Try it:
Shown below are entries with pictures; the line with "Kahverengi deri, düğmeli, uzun" through the line with "周杰伦对音乐完美主义 杰伦说" is the span to retype exactly, and the pictures stay out.

Recorded information:
━━━━━━━━━━━━━━━━━━━━━━━━━━━━━━

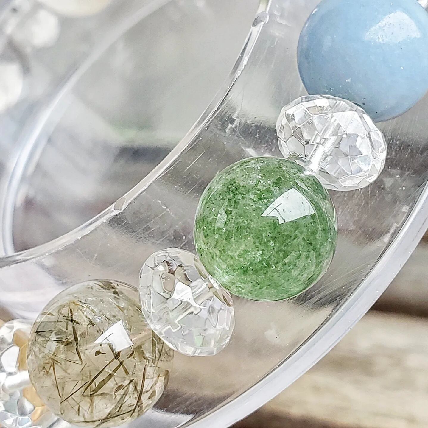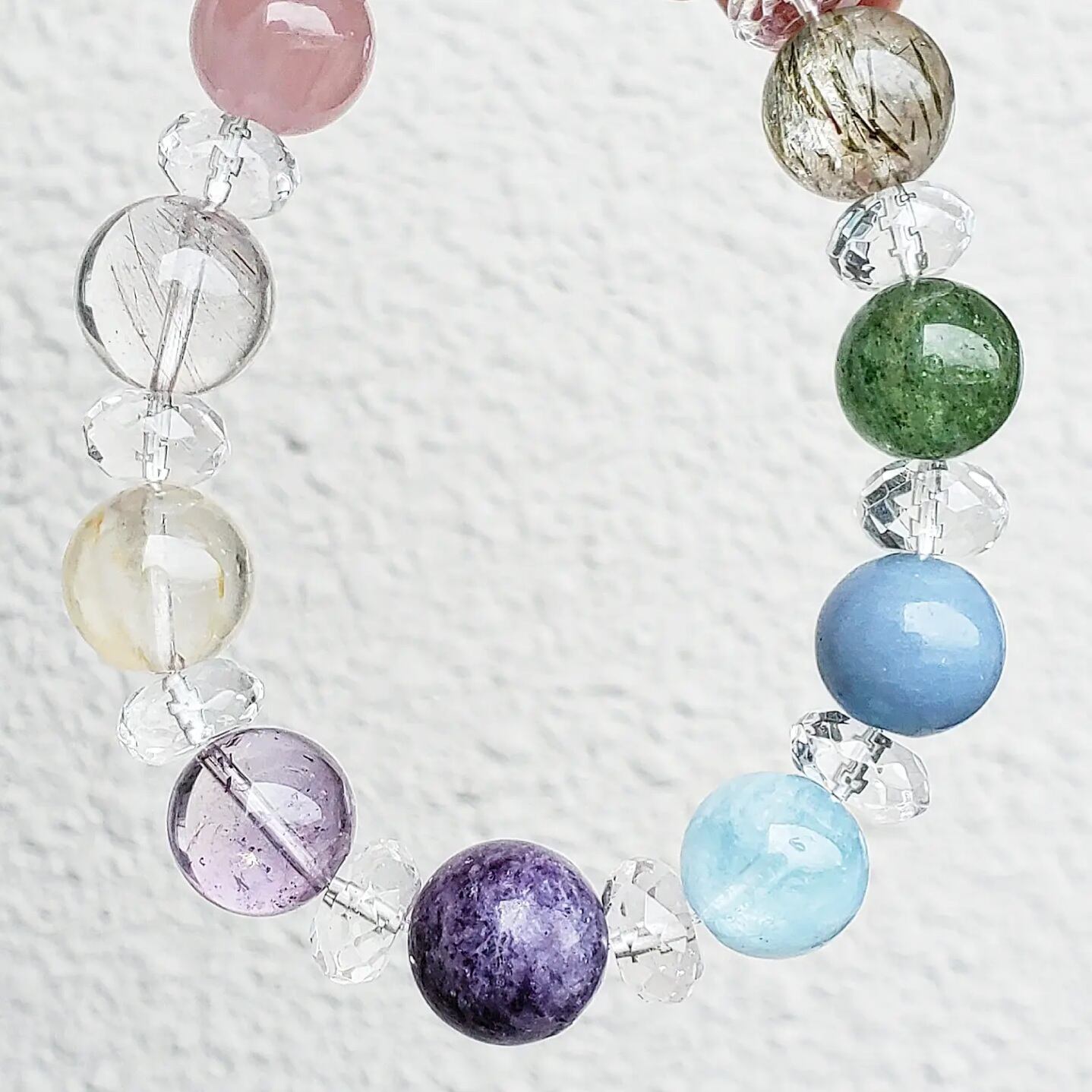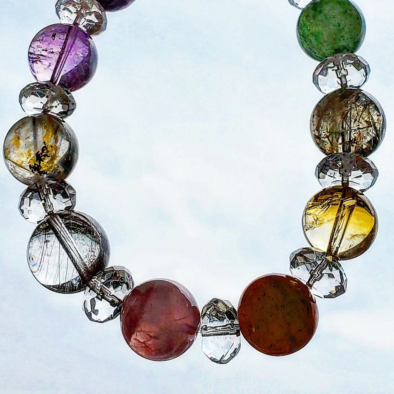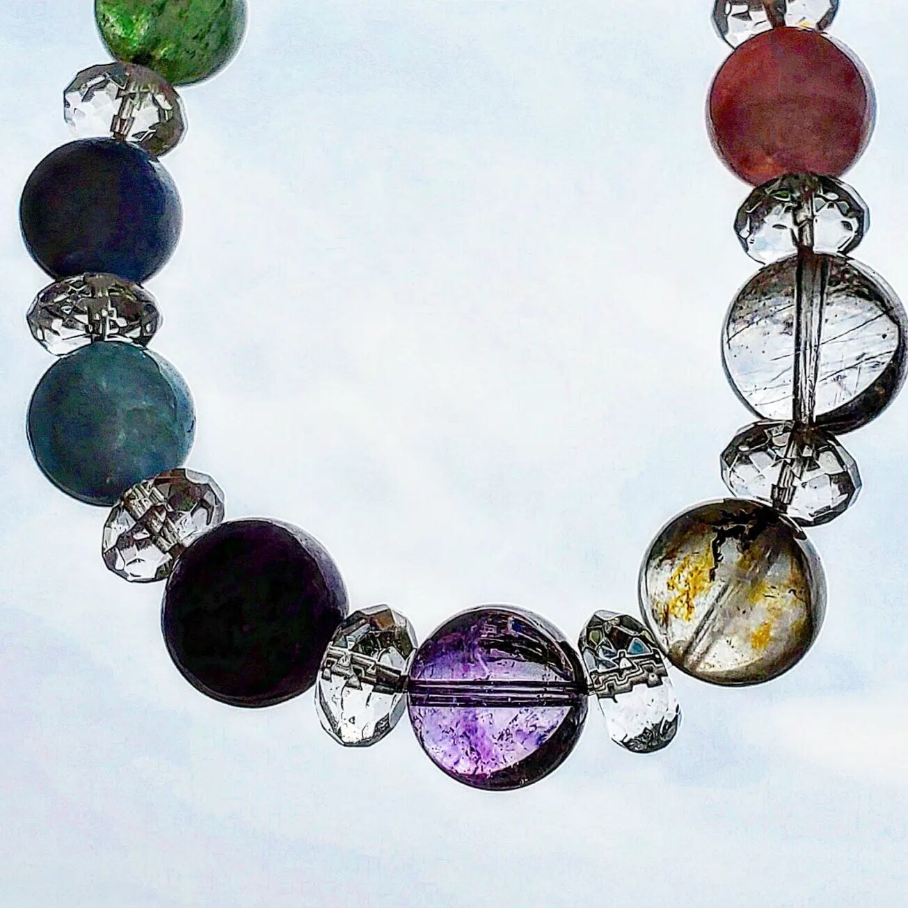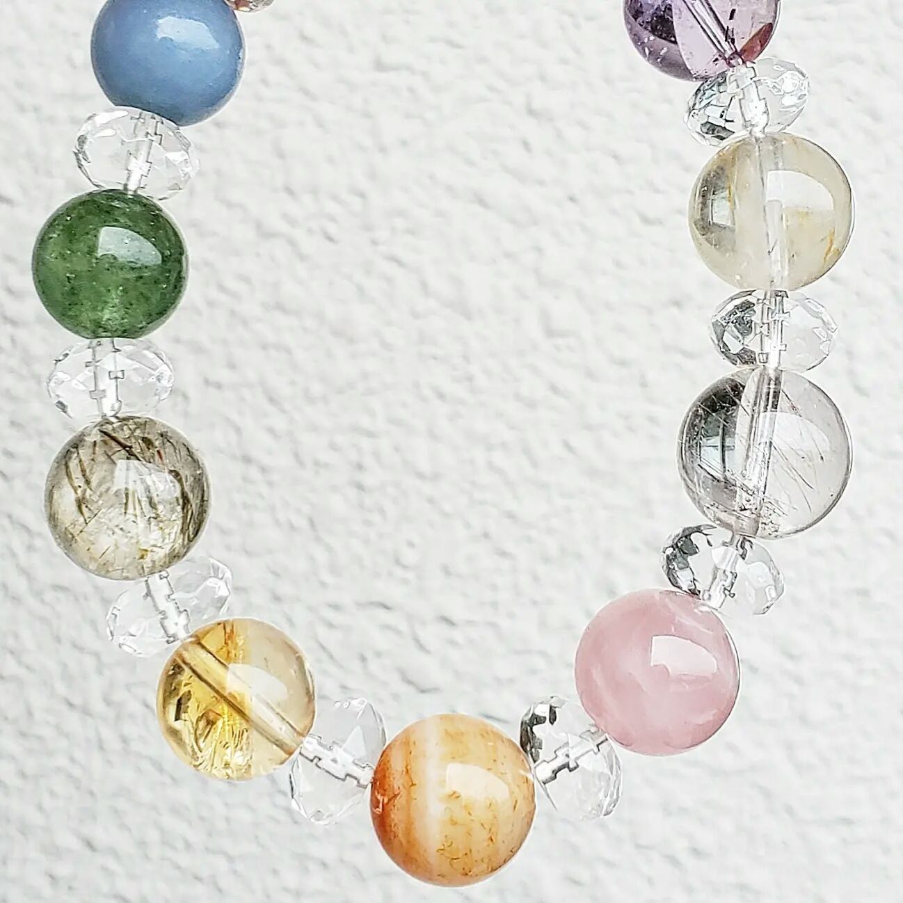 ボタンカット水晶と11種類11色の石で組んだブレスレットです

━━━━━━━━━━━━━━━━━━━━━━━━━━━━━━

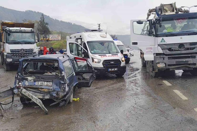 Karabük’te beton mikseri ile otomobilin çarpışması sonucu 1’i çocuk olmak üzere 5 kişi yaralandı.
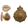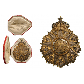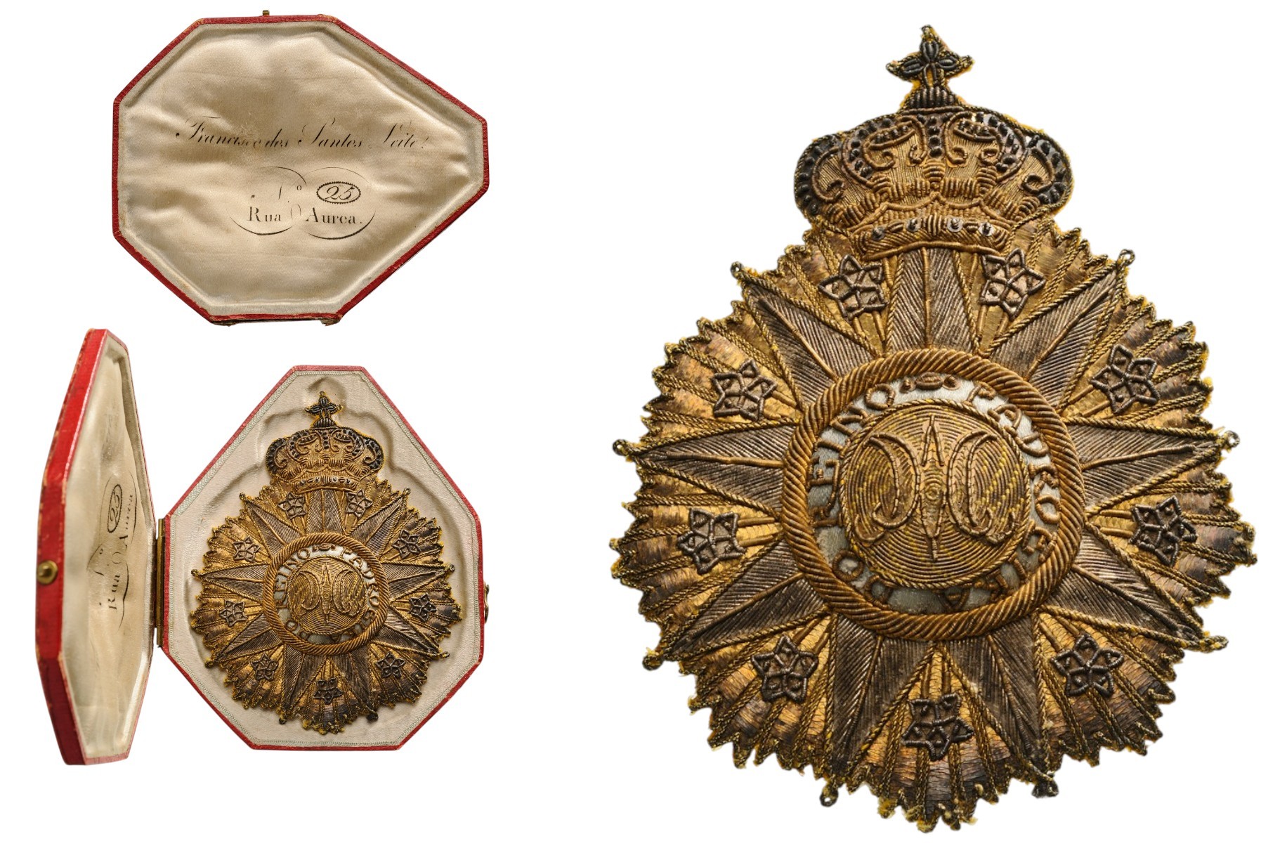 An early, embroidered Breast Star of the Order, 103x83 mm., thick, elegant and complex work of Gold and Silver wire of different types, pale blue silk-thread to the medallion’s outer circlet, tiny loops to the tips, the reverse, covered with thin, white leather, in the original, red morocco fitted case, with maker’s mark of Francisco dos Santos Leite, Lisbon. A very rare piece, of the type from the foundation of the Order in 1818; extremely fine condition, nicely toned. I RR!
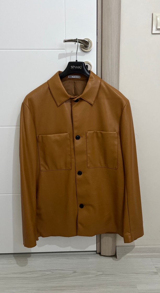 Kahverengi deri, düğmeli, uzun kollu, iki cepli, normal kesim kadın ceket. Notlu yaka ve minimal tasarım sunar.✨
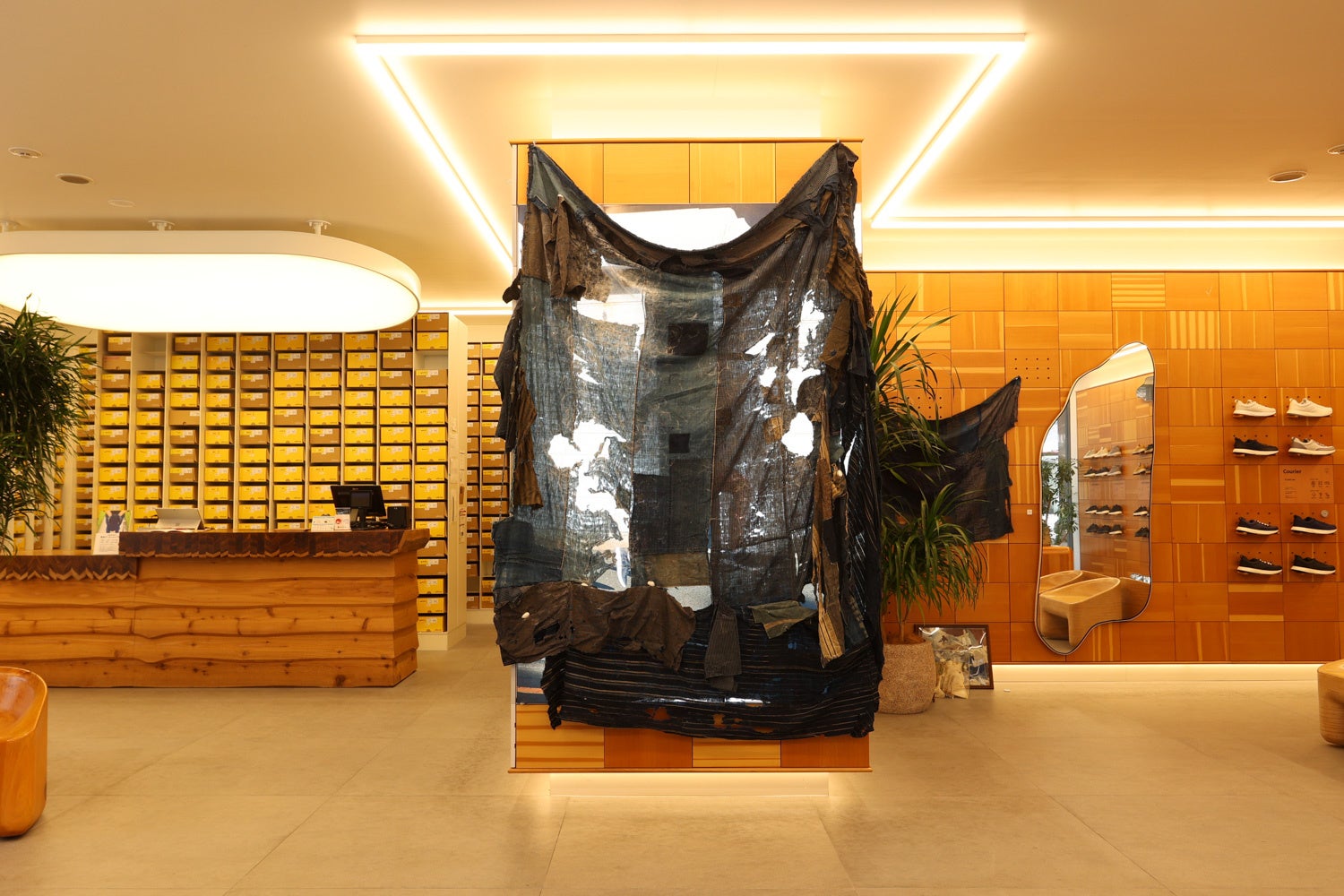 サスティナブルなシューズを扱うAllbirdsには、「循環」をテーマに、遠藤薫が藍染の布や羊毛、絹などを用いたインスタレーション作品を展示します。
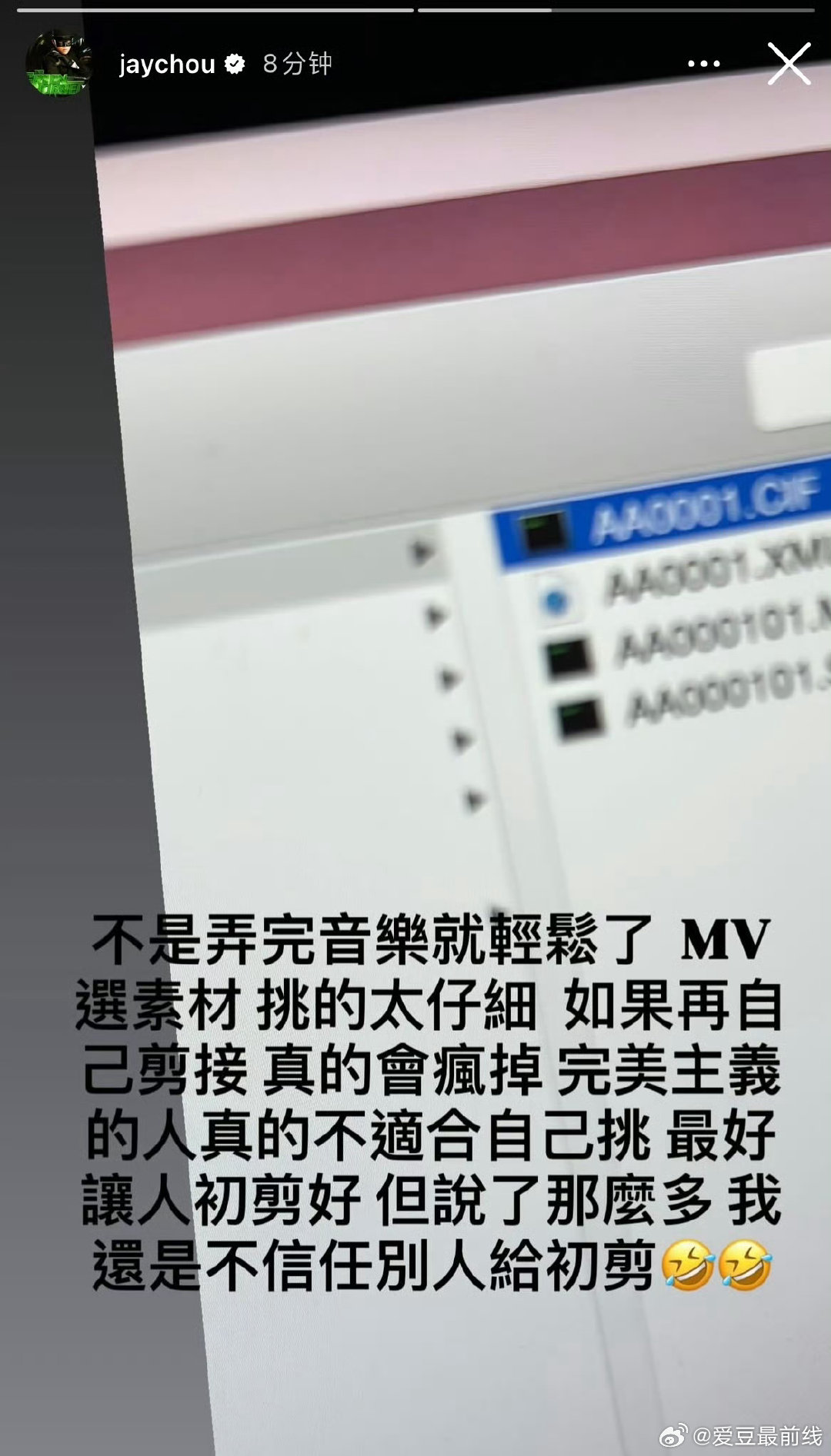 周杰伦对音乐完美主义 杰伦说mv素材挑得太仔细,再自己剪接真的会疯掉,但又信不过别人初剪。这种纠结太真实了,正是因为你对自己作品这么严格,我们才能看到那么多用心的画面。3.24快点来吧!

━━━━━━━━━━━━━━━━━━━━━━━━━━━━━━

Reply:
 Kahverengi deri, düğmeli, uzun kollu, iki cepli, normal kesim kadın ceket. Notlu yaka ve minimal tasarım sunar.✨
 サスティナブルなシューズを扱うAllbirdsには、「循環」をテーマに、遠藤薫が藍染の布や羊毛、絹などを用いたインスタレーション作品を展示します。
 周杰伦对音乐完美主义 杰伦说mv素材挑得太仔细,再自己剪接真的会疯掉,但又信不过别人初剪。这种纠结太真实了,正是因为你对自己作品这么严格,我们才能看到那么多用心的画面。3.24快点来吧!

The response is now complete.